The alignment of peak positions in CRMS-F15’s XRD pattern with those of the individual excipients and active ingredients suggests that all materials, including the drug molecule, maintained their crystalline structure, indicating their compatibility. This also implies that no degradation of the active ingredient occurred during the fusion process [88].
However, the diminished peak intensity in the XRD pattern of CRMS-F15, relative to the corresponding peaks of each individual ingredient, implies a dispersion of the drug within the matrix system. This dispersion likely leads to a reduced number of particles available to reflect the X-rays when compared to the individual materials in isolation [64,65,89].
Our findings align with those reported by Ellakwa et al., where an immediate-release tablet formulated with poloxamer 407 was used to deliver mosapride citrate. Their XRD analysis showed a reduction in the peak intensity of the active ingredient, suggesting its dispersion within the carrier matrix [88]. Similar results were also demonstrated by El-Badry et al. [62].

4.4. Scanning Electron Microscopy

Our SEM observations of CRMS-F15 support the XRD findings, showing the dispersion of drug molecules within the matrix system. It is clearly evident that the SEM images of CRMS-F15 display a variety of irregular morphological features in the molecules, similar to those observed in the branded drug, which also demonstrates an irregular molecular morphology [90].
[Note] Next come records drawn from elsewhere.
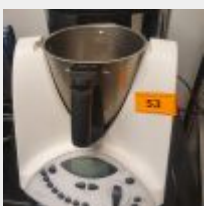
Lot n° 53 Thermomix VORWERK Mise à prix : 100 €
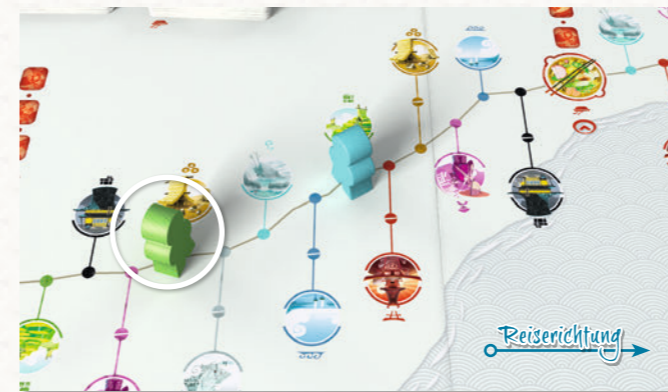
Der grüne Reisende steht auf der Straße am weitesten hinten; also ist er an der Reihe.

Manchmal ist der Reisende, der gerade dran war, auch nach seinem Zug noch der Letzte. In diesem Fall ist er sofort noch einmal an der Reihe.
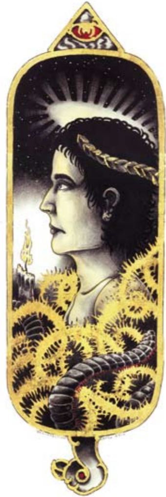
Resurrection (2010) colored pencil, 28 x 64 cm

4.5. Fourier Transform Infrared

The presence of the peak corresponding to THN’s functional group in CRMS-F15 is evidence of successful drug dispersion within the matrix system. This indicates that the drug molecules remain intact, exhibiting no signs of degradation or adverse interactions with the polymers [67,78,89].
Comparable findings were reported by Ashames et al. in their research on developing a novel polymeric matrix system. Notably, in their study, distinct peaks corresponding to the functional groups of the active ingredient were observed in the drug-loaded matrix system, reinforcing the consistency of these outcomes in polymer-based drug delivery research [89]. Similar findings were also reported in studies conducted by Ice et al. [78]. In another study, researchers formulated a CR system employing carboxymethyl chitosan for the regulated release of THN. The FTIR results of this study were in agreement with our findings, underscoring the preservation of THN’s integrity. This was evidenced by the lack of significant spectral variations in the final product compared to the pure drug molecule [67].

4.6. Differential Scanning Calorimetry

In the results of the DSC analysis of THN, the endothermic peak at 272.39 °C is assumed to be the melting point of THN. This assumption is corroborated by previous studies that have reported similar melting points for THN at 272.6 °C [91] and 269.7 °C [92], confirming the alignment of our results with the existing literature.
Additionally, the sharpness of the observed peak could indicate a high degree of crystallinity in THN, a finding that is supported by our XRD results. Crystalline materials, known for their more-ordered structures, typically undergo phase transitions, such as melting, within a narrower temperature range. This characteristic leads to the formation of sharper peaks in DSC [42].
The endothermic peaks observed for P-407 and STA are presumed to correspond to their respective melting points, aligning with findings from previous studies. EL-Badry et al., in their investigation of P-407 as a hydrophilic delivery system for nimesulide, observed a distinct endothermic peak at 55 °C in their DSC results, attributed to the melting of P-407. Similarly, other studies have identified the melting point of STA to be 34 °C [63]. The thermal behavior of HPMC observed in our study is consistent with that reported in prior research [93].
In CRMS-F15, the observed decrease in heat flow is presumed to be attributed to the dilution effect of the excipients and the drug molecule. This effect results from the reduced concentration of each component per gram in the matrix system compared to their concentrations in individual states. Due to this dilution, a lesser amount of the material undergoes melting, leading to a decreased area under the curve. Such an observation may also indicate successful dispersion of the drug within the matrix system [89].
Supporting this hypothesis, Bouriche et al. developed a metformin-loaded polylactic-acid microparticle. Their DSC assessment of this formulation revealed a marked reduction in the peak corresponding to metformin. This finding was interpreted as indicative of successful drug dispersion within the polymer matrix system [94].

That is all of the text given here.